Nahuel y El Payasito quedaron del lado de los escombros. Del lado del descarte. Basura sistémica que ni siquiera recolectan los camiones una vez al día.

Claudia no escuchaba al militante de la Unidad Básica de Agüero que la fue a ver. El tipo le contó sus problemas mientras ella lo miraba con una altanería de ojos inflamados y mejillas saladas de tanto llorar.

Afuera, en el paredón de enfrente, una pintada prolija, enorme, estudiada, que acusa al intendente de “asesino”.
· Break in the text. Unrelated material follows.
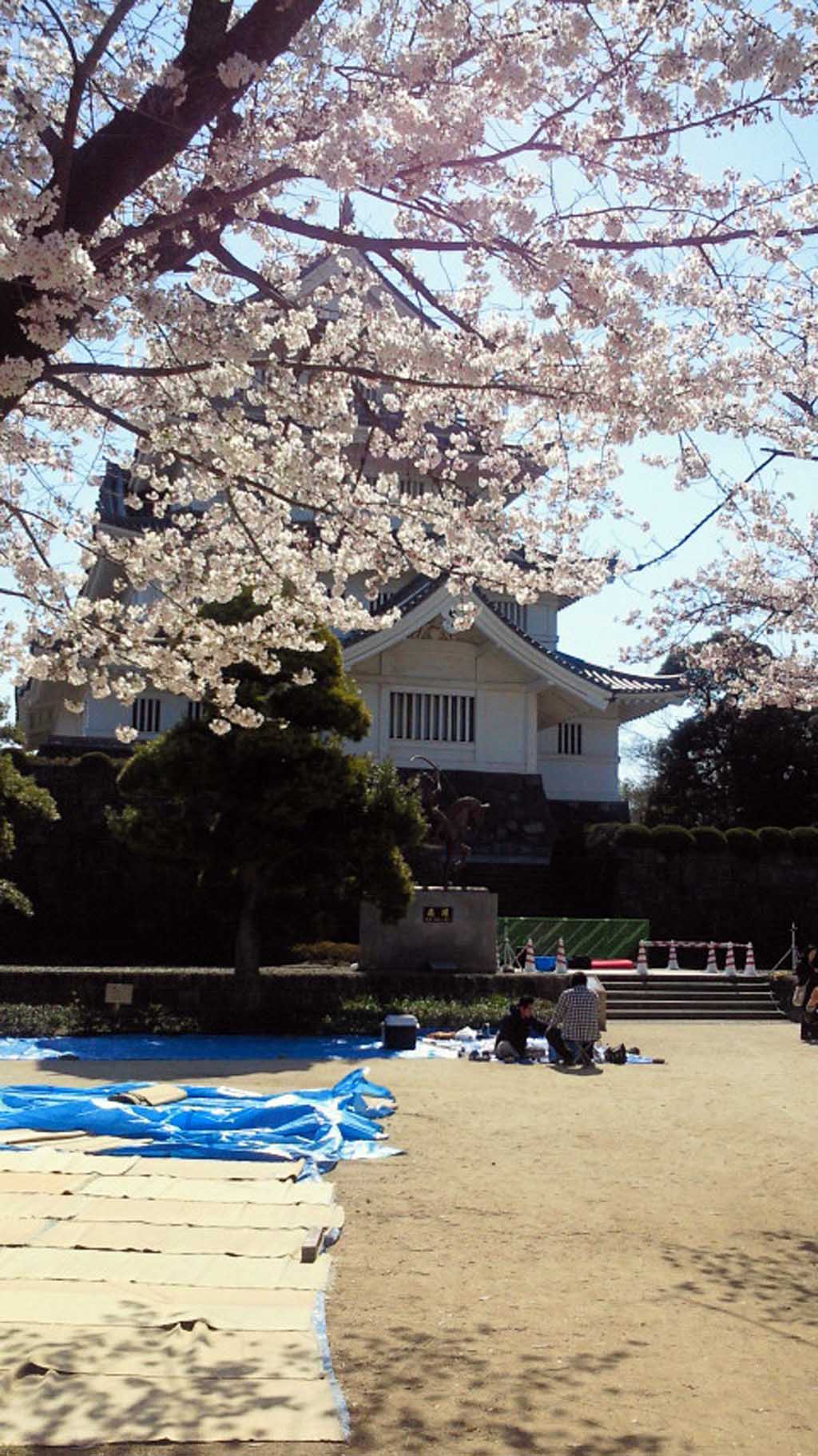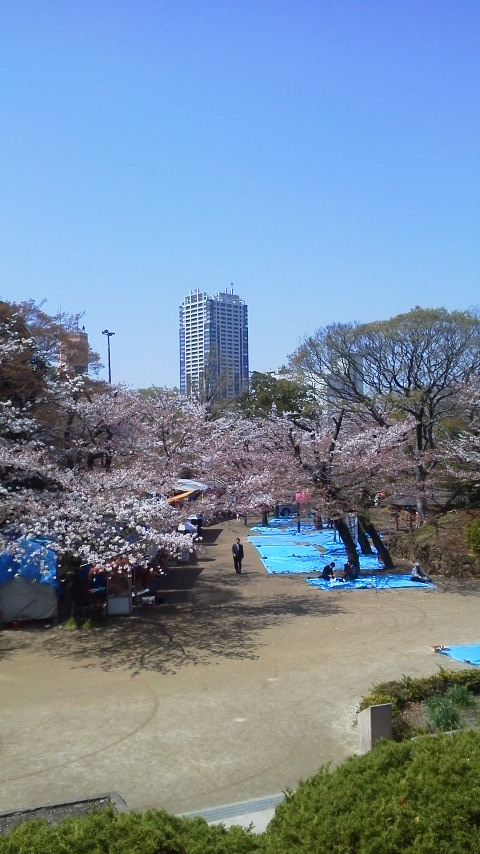昨日の雨でまた散ってしまいました。桜の花は少なくなりましたが、朝からお花見の準備で忙しそうです。

Pero los intendentes, las unidades básicas, los movileros, los punteros, los gobernadores, pasarán y las Claudias y los Ramones seguirán enganchándose la vida en las puertas oxidadas de los trenes detenidos para siempre. Y los Colos seguirán muriéndose, atrapados en un fuego absurdo. Presos del silencio y el olvido.

A una semana de las elecciones, un niño muerto es una ficha en la interna partidaria. Un niño muerto se convierte en moneda de cambio, de amenaza, de intimidación. Pero para eso tiene que estar muerto. Vivo no da réditos. Vivo es un escollo para todos. Un peligro. Muerto es un trofeo de la miserabilidad.